Dubai, United Arab Emirates – Amid criticism from Amnesty International of a “grossly unfair” trial, Iran executed two members of the banned Mujahedin-e Khalq (MEK) group on charges of attacking civilian infrastructure with homemade missiles, the judiciary’s Mizan News Agency reported on Sunday.
Mehdi Hassani and Behrouz Ehsani Islamlou, identified as “operational elements” of the MEK, were sentenced to death in September.
The report stated that “the terrorists, in coordination with the Mujahedin-e Khalq (MEK) leadership, built launch pads and hand-held mortars in line with the group’s objectives, and indiscriminately fired the shells at civilians, homes, service and administrative facilities, and educational and charitable centers.”
Maryam Rajavi, the leader of the National Council of Resistance of Iran (NCRI), of which the MEK is the main force, praised the two executed men.
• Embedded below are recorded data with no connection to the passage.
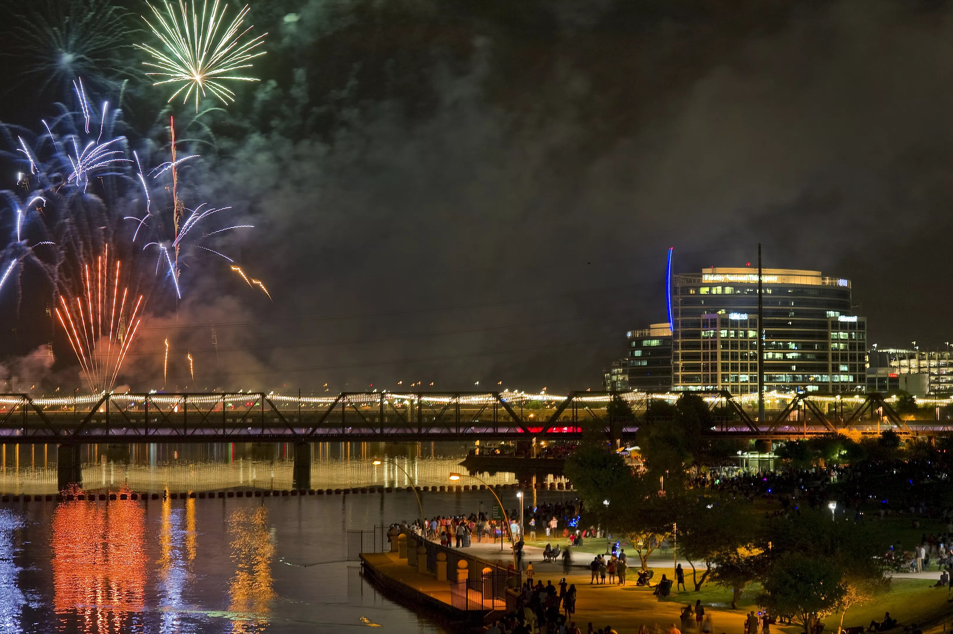 Fireworks over Tempe Town Lake in 2014.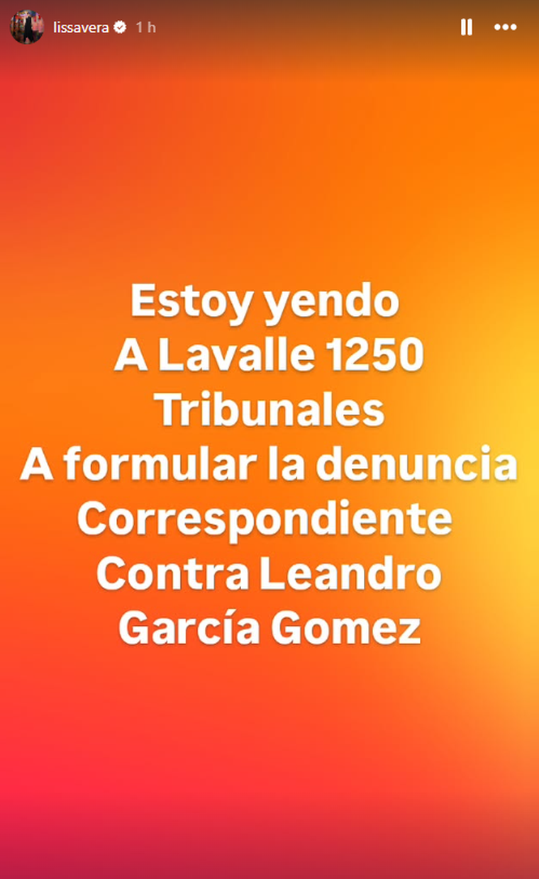 Recientemente, luego de que la propia Lourdes anunciara que se encuentra bien, Lissa volvió a subir otra historia asegurando que se encontraba en camino a “Lavalle 1250, Tribunales, para formular la denuncia correspondiente contra Leandro García Gómez”.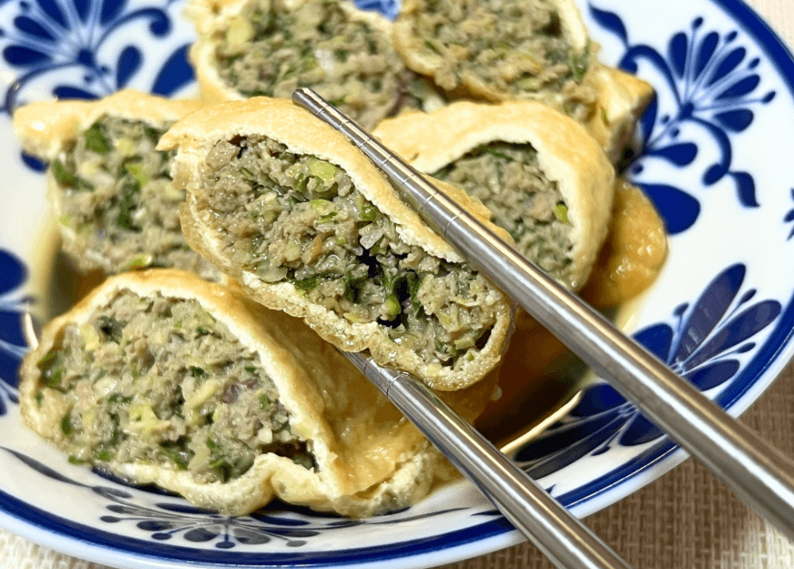 詰めて煮るだけ!「油揚げジューシー餃子」のレシピ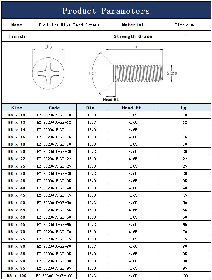 Our most corrosion-resistant screws, titanium screws withstand salt water, acids, and chemicals. These are angled under the head to sit flush within countersunk holes. Length is measured from the top of the head.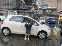 「安全運転してください」と子どもたちが折り鶴を渡すと、運転手さんたちは「ありがとう」と笑顔で受け取ってくださいました。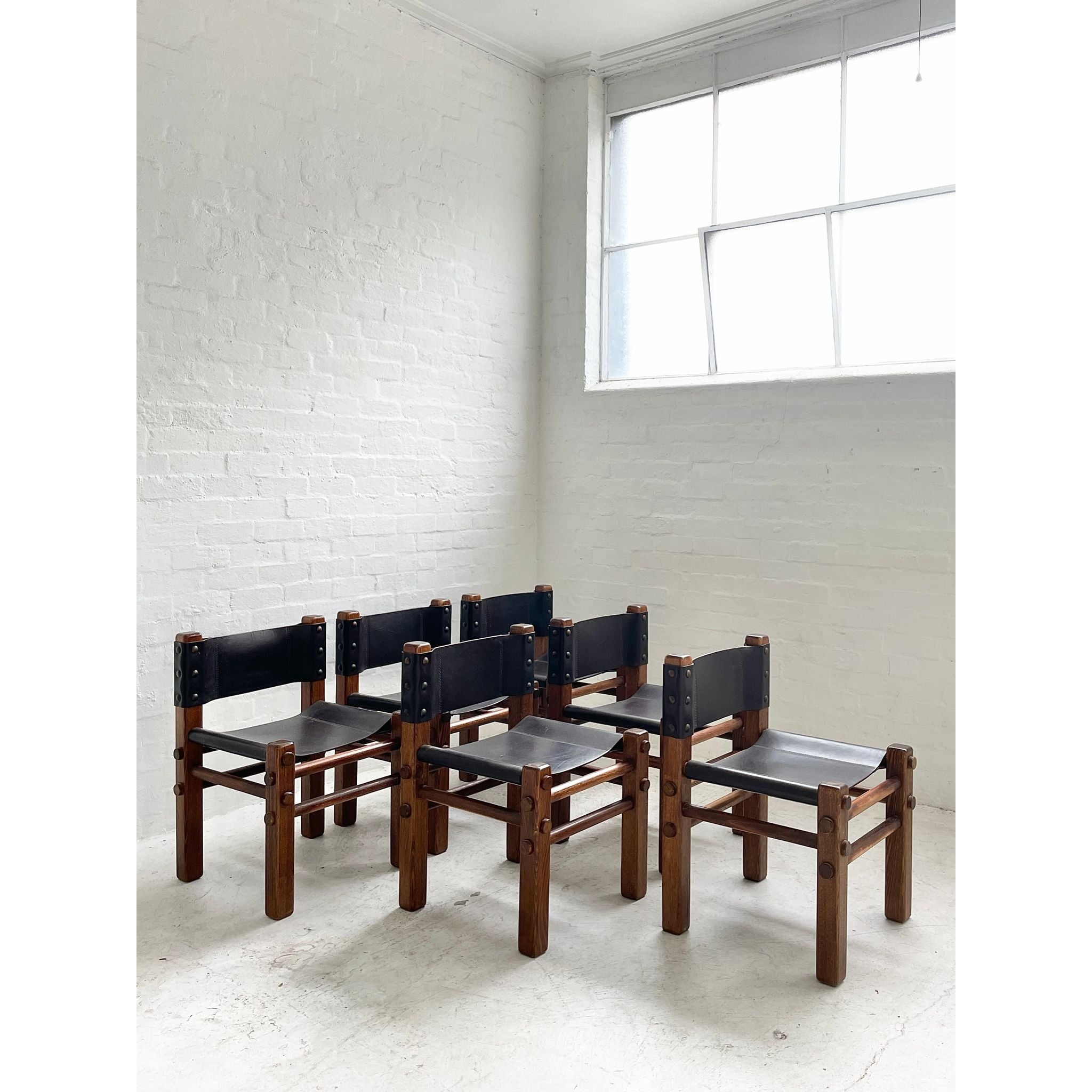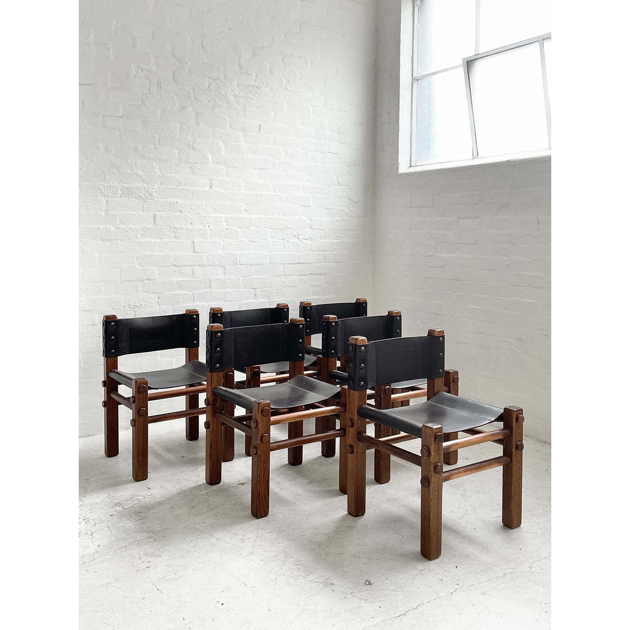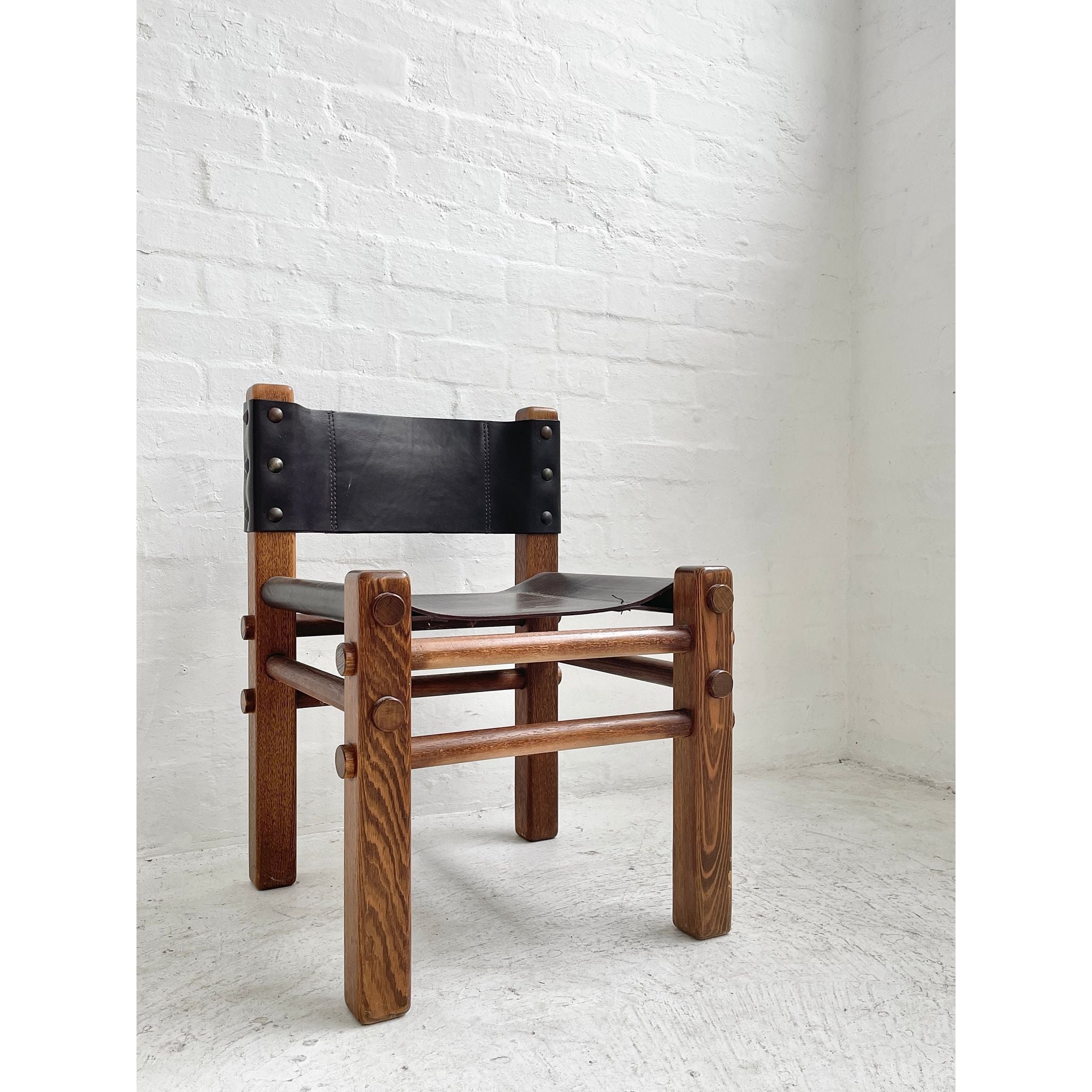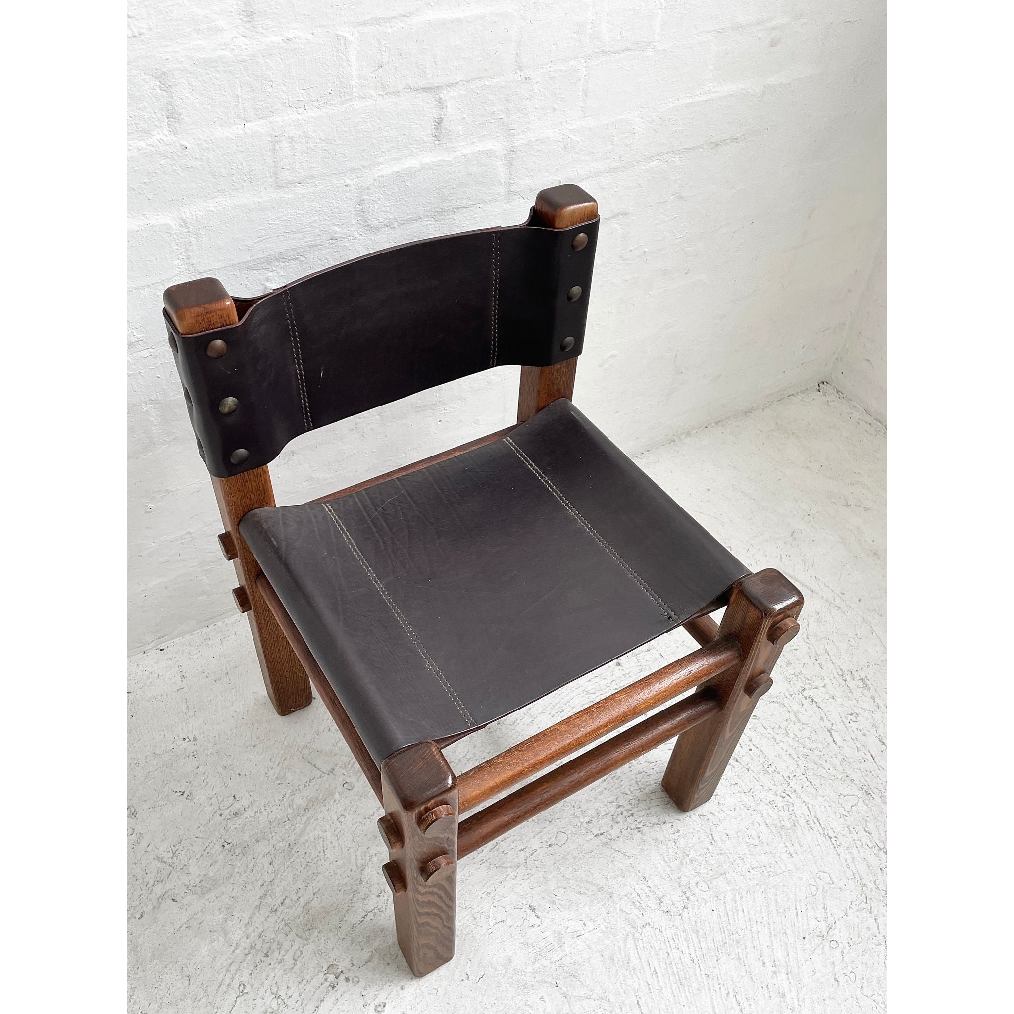 Solid Tasmanian Oak and saddle hide chairs produced by NORE c1970s. In excellent original condition. Six available. Price per chair.

She said: “A salute of reverence to these steadfast mujahideen who, after three years of tireless resistance under torture, pressure and threats, fulfilled their solemn covenant with God and the people with pride and dignity.”

Various accusation
The defendants were charged with “moharebeh” – an Islamic term meaning waging war against God – destroying public property, and “membership in a terrorist organization with the aim of disrupting national security.”
Amnesty International said that Ehsani Eslamlou and Hassani were arrested in 2022 and maintained their innocence during a trial the rights group described as “grossly unfair and marred by allegations of torture and forced confessions.”
“According to informed sources, Iranian intelligence agents interrogated them without the presence of lawyers and subjected them to torture and other ill-treatment, including beatings and prolonged solitary confinement, to extract self-incriminating statements,” the organization said in January.
According to the Office of the United Nations High Commissioner for Human Rights, the number of people executed in Iran rose to at least 901 by 2024, the highest number since 2015.
The Mujahedin-e Khalq (MEK), known in English as the People’s Mojahedin Organization of Iran (PMOI), was a powerful leftist Islamist group that launched bombing campaigns against the Shah’s government and American targets in the 1970s, but eventually fell out with other factions in the 1979 Islamic Revolution.
Since then, the MEK has opposed the Islamic Republic, and its leadership in exile has been based in Paris. The United States and the European Union listed it as a terrorist organization until 2012.